▶ MATERIAL SHOWN

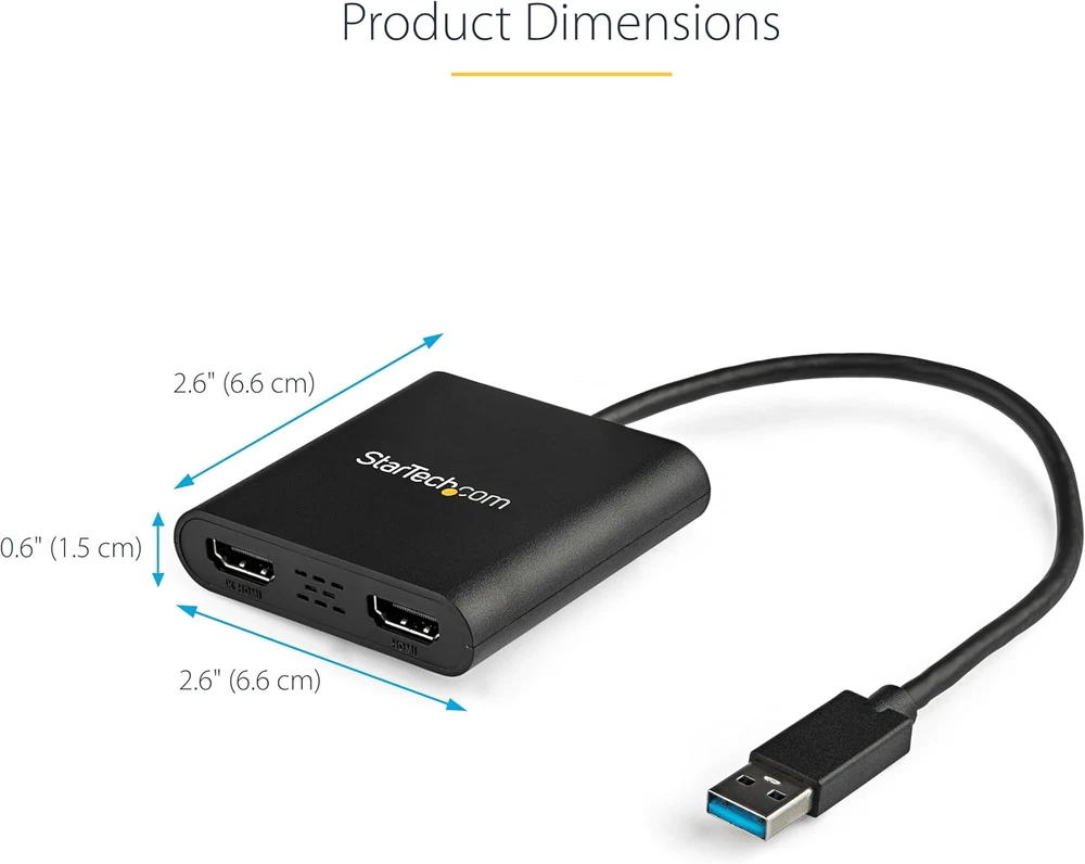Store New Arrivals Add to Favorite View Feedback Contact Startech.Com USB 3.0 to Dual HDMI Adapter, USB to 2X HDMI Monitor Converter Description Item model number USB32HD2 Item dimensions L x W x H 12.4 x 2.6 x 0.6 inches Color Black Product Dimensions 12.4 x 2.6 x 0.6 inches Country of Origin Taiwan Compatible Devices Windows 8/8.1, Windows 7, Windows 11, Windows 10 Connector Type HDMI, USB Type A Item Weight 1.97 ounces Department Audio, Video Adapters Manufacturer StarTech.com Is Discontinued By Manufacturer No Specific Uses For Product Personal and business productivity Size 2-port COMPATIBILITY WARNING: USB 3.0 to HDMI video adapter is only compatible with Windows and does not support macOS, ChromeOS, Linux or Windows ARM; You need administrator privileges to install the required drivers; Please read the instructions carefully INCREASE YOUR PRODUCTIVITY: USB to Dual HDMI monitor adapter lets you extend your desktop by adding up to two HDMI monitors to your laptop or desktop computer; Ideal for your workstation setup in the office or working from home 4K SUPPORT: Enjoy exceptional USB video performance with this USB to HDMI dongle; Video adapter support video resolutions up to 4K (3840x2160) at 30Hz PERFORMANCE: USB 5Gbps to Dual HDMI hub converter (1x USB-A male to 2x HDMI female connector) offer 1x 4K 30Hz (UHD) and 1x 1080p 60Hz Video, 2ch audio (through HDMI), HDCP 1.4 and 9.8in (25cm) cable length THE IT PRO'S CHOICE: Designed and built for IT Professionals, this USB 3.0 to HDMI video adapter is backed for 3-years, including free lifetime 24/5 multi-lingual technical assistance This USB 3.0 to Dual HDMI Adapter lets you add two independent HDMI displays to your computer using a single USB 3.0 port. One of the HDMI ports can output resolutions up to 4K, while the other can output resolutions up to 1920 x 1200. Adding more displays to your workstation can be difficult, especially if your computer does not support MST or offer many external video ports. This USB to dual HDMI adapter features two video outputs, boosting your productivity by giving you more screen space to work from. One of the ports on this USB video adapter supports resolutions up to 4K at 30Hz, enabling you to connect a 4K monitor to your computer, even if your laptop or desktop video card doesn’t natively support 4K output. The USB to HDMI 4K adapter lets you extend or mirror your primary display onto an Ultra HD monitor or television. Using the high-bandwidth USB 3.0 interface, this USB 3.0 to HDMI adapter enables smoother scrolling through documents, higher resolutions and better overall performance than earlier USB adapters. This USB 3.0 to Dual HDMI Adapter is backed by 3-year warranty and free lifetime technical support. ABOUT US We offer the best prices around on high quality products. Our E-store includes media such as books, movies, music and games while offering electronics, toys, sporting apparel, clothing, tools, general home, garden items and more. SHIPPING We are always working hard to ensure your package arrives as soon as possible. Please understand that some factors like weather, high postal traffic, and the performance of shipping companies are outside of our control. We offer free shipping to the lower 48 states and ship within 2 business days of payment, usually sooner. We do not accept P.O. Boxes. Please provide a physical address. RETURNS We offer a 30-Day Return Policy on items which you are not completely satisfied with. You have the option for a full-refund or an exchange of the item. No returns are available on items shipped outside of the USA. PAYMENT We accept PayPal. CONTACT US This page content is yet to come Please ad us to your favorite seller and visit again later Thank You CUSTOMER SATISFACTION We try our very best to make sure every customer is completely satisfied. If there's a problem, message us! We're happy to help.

---

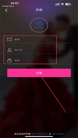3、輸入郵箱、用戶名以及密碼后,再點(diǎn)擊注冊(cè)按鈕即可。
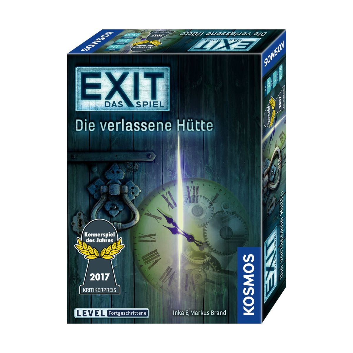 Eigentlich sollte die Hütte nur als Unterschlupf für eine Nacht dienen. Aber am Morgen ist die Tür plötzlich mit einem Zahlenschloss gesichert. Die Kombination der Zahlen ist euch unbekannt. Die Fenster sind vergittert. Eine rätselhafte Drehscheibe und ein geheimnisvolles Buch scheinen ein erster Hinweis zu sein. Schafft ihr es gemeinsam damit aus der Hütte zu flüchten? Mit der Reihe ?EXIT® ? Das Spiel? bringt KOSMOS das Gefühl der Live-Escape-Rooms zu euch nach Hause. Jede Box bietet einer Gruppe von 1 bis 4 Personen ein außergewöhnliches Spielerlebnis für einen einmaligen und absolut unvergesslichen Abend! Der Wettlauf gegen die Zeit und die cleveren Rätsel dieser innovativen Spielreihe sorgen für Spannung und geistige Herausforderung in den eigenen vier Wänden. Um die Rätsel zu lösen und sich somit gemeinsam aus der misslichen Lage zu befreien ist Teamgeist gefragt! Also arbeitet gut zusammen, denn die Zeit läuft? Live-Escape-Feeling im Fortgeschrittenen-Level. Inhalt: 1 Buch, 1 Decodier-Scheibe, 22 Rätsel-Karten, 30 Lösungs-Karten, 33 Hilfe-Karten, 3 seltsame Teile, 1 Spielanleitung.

---

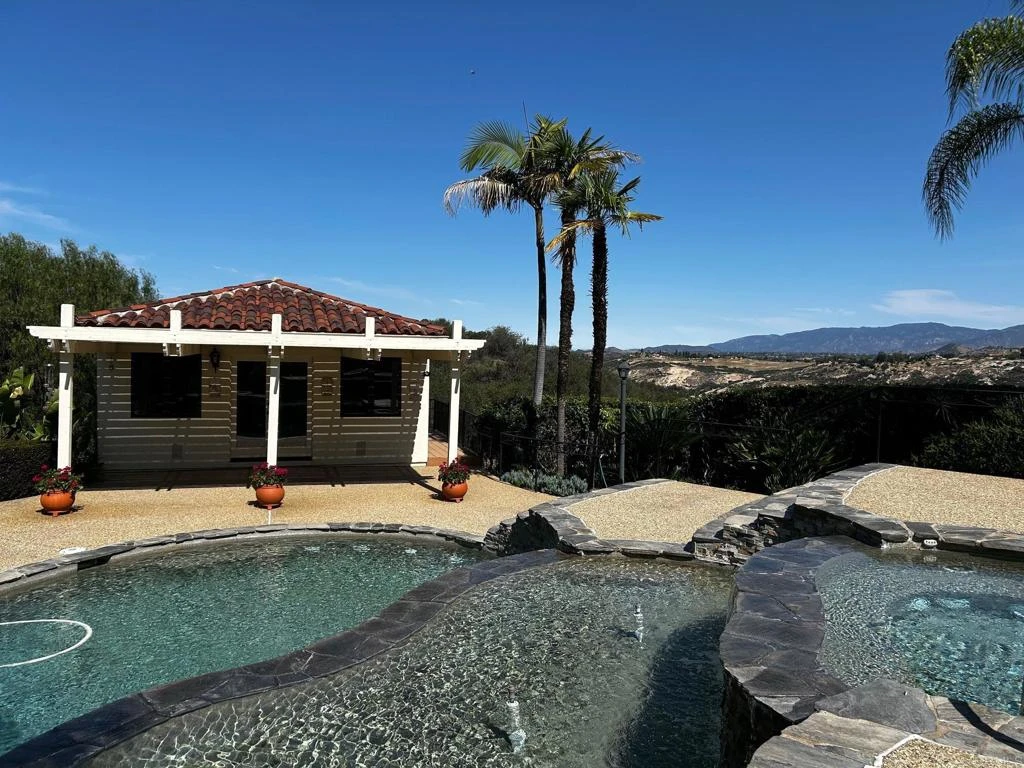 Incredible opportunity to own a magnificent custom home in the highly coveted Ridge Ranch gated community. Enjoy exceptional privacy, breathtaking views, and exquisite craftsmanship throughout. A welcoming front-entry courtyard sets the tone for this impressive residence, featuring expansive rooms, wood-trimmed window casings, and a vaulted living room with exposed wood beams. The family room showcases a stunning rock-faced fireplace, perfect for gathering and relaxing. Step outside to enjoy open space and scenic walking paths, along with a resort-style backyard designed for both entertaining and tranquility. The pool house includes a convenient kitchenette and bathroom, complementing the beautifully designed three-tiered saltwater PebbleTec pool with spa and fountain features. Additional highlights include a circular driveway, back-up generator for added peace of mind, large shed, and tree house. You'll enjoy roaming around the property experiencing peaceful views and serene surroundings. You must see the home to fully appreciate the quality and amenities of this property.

▶ WHAT THIS TASK INVOLVES
Above are records; repeat only the lines from the line with "3、輸入郵箱、用戶名以及密碼后,再點(diǎn)擊注冊(cè)按鈕即可。" through the line with "Eigentlich sollte die", and leave pictures out.

▶ WRITTEN RESPONSE
3、輸入郵箱、用戶名以及密碼后,再點(diǎn)擊注冊(cè)按鈕即可。
 Eigentlich sollte die Hütte nur als Unterschlupf für eine Nacht dienen. Aber am Morgen ist die Tür plötzlich mit einem Zahlenschloss gesichert. Die Kombination der Zahlen ist euch unbekannt. Die Fenster sind vergittert. Eine rätselhafte Drehscheibe und ein geheimnisvolles Buch scheinen ein erster Hinweis zu sein. Schafft ihr es gemeinsam damit aus der Hütte zu flüchten? Mit der Reihe ?EXIT® ? Das Spiel? bringt KOSMOS das Gefühl der Live-Escape-Rooms zu euch nach Hause. Jede Box bietet einer Gruppe von 1 bis 4 Personen ein außergewöhnliches Spielerlebnis für einen einmaligen und absolut unvergesslichen Abend! Der Wettlauf gegen die Zeit und die cleveren Rätsel dieser innovativen Spielreihe sorgen für Spannung und geistige Herausforderung in den eigenen vier Wänden. Um die Rätsel zu lösen und sich somit gemeinsam aus der misslichen Lage zu befreien ist Teamgeist gefragt! Also arbeitet gut zusammen, denn die Zeit läuft? Live-Escape-Feeling im Fortgeschrittenen-Level. Inhalt: 1 Buch, 1 Decodier-Scheibe, 22 Rätsel-Karten, 30 Lösungs-Karten, 33 Hilfe-Karten, 3 seltsame Teile, 1 Spielanleitung.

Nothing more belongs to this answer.